As an Intermittent Faster, I do not eat breakfast until 11am or even noon sometimes. So, grabbing a high carb, processed bagel on the way to work is not ideal.

When you need a nice meal to break your fast, a smoothie is an excellent idea. If you make it the day before or even on Sunday, when you meal prep, you can freeze it and just take it out when you get up in the morning. Allow it to thaw while you get ready, commute and while at work. Then, it will be thawed but thick when it comes time to eat it!


Begin by putting a cup or berries in the blender. *Berries are Keto friendly and the only fruit you should consume while doing Keto*.

Add 1-2 scoops of protein powder (depending on your goals). *If you are low carb, you can have more protein but, on a true Ketogenic Diet, you are to limit your proteins to about 1/4 to 1/2 of your body weight. (Example:  If you weigh 150 pounds, you would consume less than 75 grams of protein on Keto).

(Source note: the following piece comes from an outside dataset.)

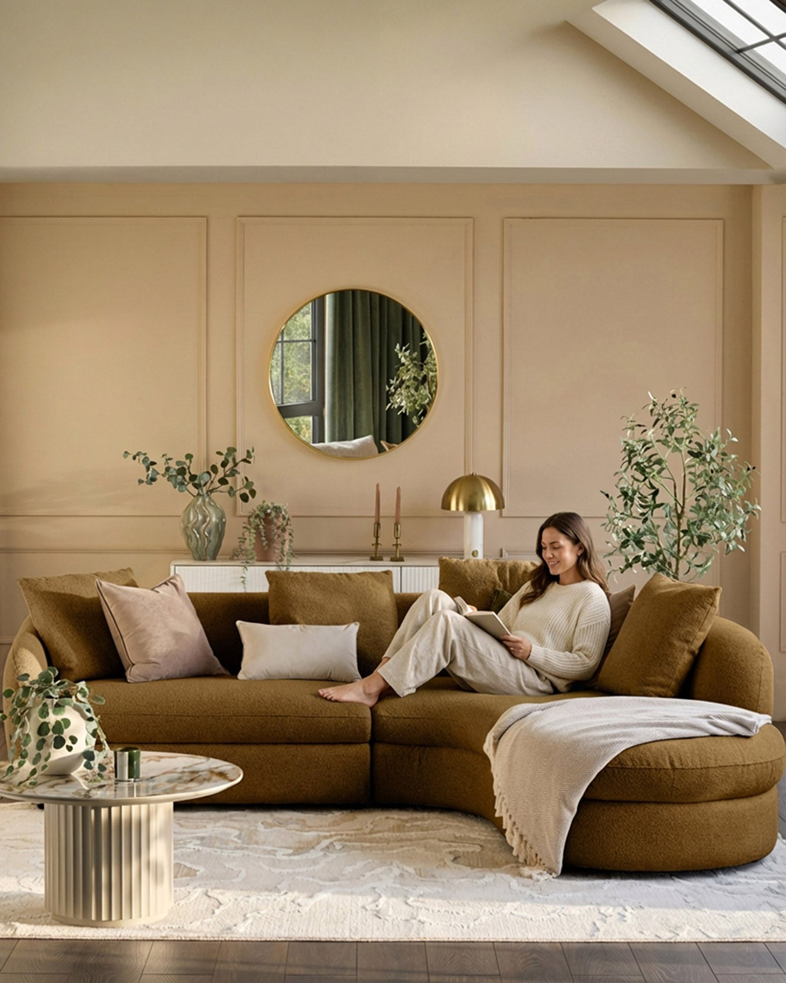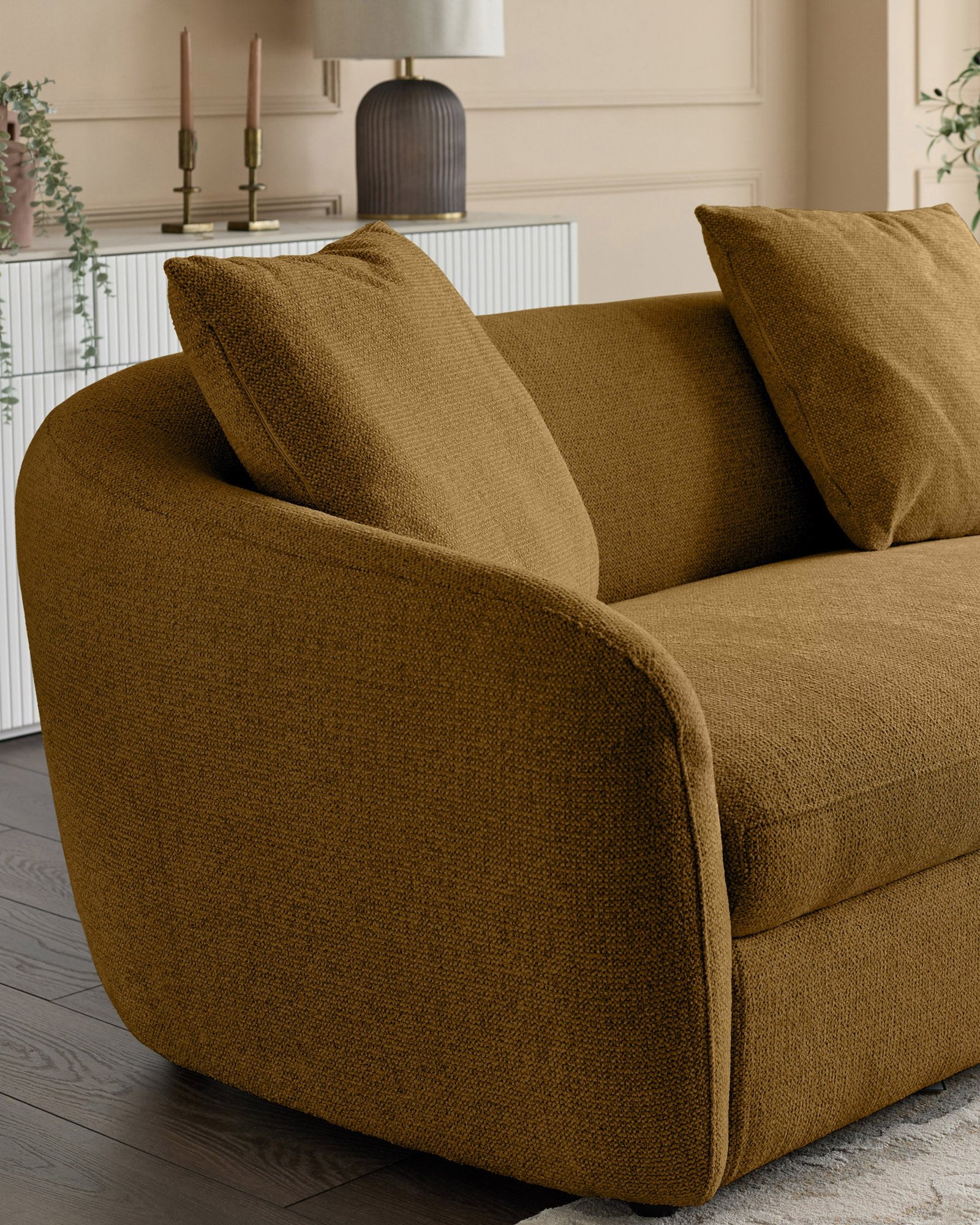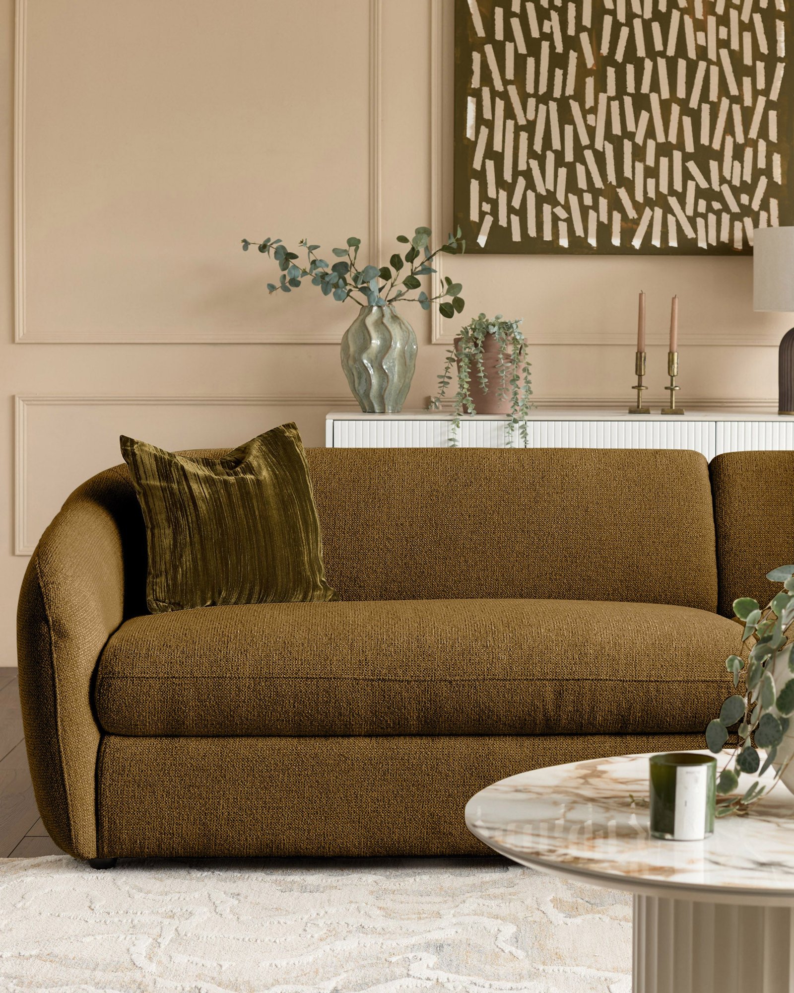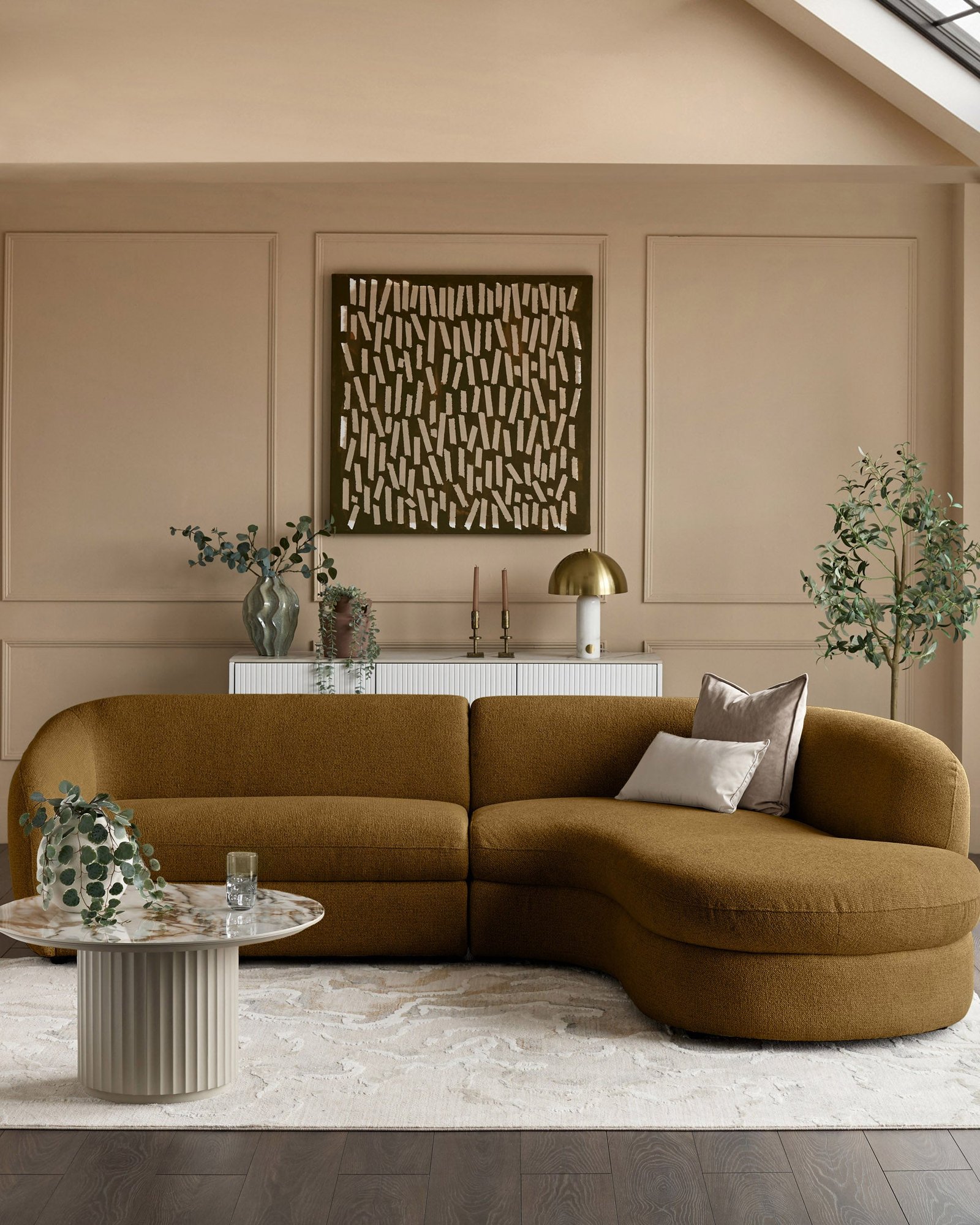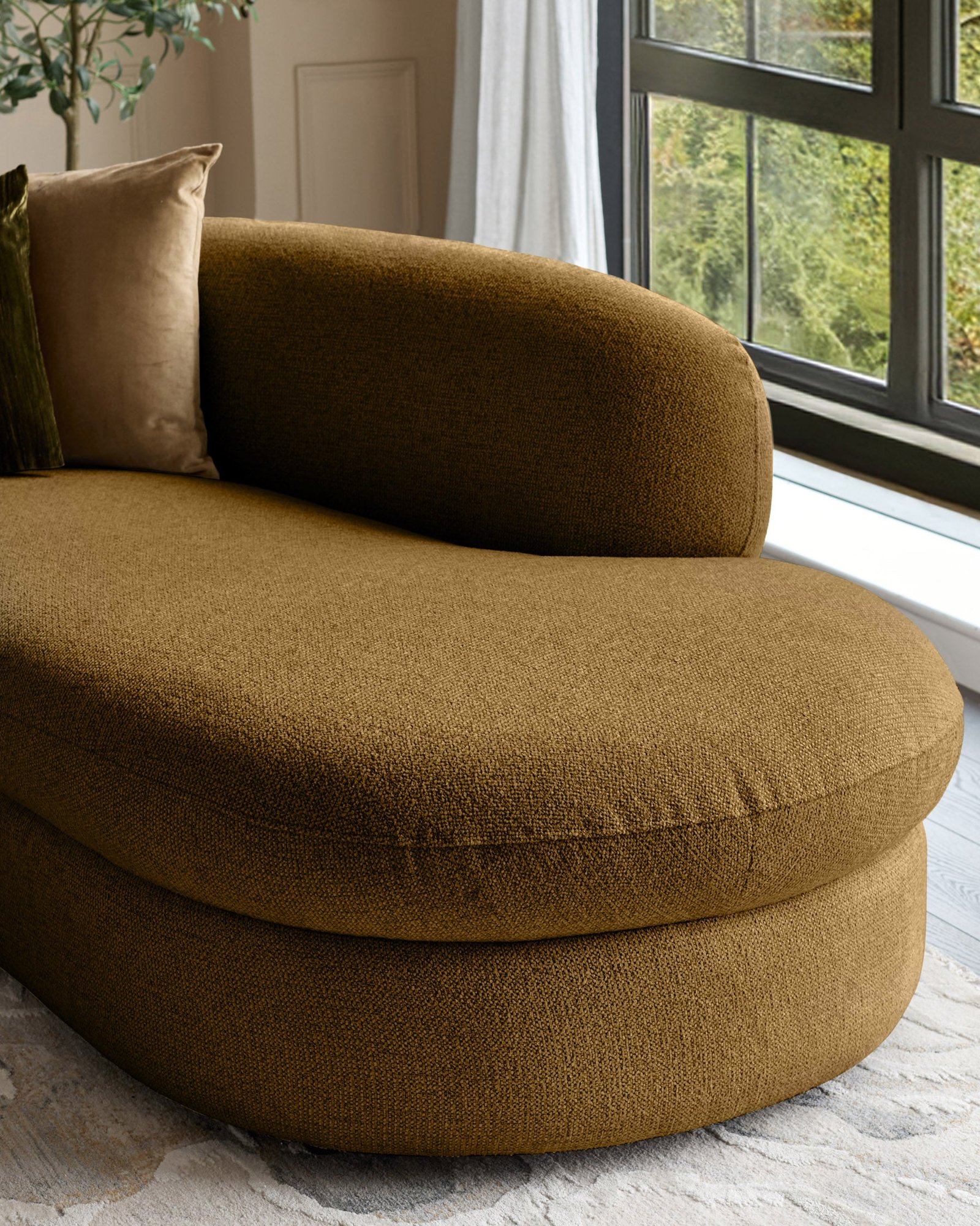 The Ottilie ochre chenille right hand corner chaise sofa brings vibrant warmth and generous comfort to your living space. Its right-hand curve opens the room naturally, while the sculpted cushioning and gentle rise of the back create intentional comfort. Luxuriously soft chenille meets real-life durability in this striking ochre design, perfect for lively evenings and quiet afternoons alike.

Add a handful of Green veggies such as Kale, Spinach or even salad if you are out of those!

Add a fat such as flax seeds, chia seeds or even nut butters (but, I prefer another way to add my nut butter. See Below)

Finally, add water or milk and blend until smooth. (I always use only water because the protein powder mixed with the water makes a milky substance anyway and saves calories).

The finished product is a thick smoothie that you should eat with a spoon. 

*If you want to drink it, just add more water!

So, here is where the nut butter comes in…

While eating the smoothie, I add a little almond butter at a time and eat it that way (un-blended). It is super filling and tastes even better!


This smoothie has a nice helping of ALL of the macros you need and will hold you over for hours!

Also, it will fit into your large purse or bag and it is inexpensive. So, no more paying $10-$20 for lunch and/or breakfast that day.


What’s your fave smoothie recipes?

How do you break your fast?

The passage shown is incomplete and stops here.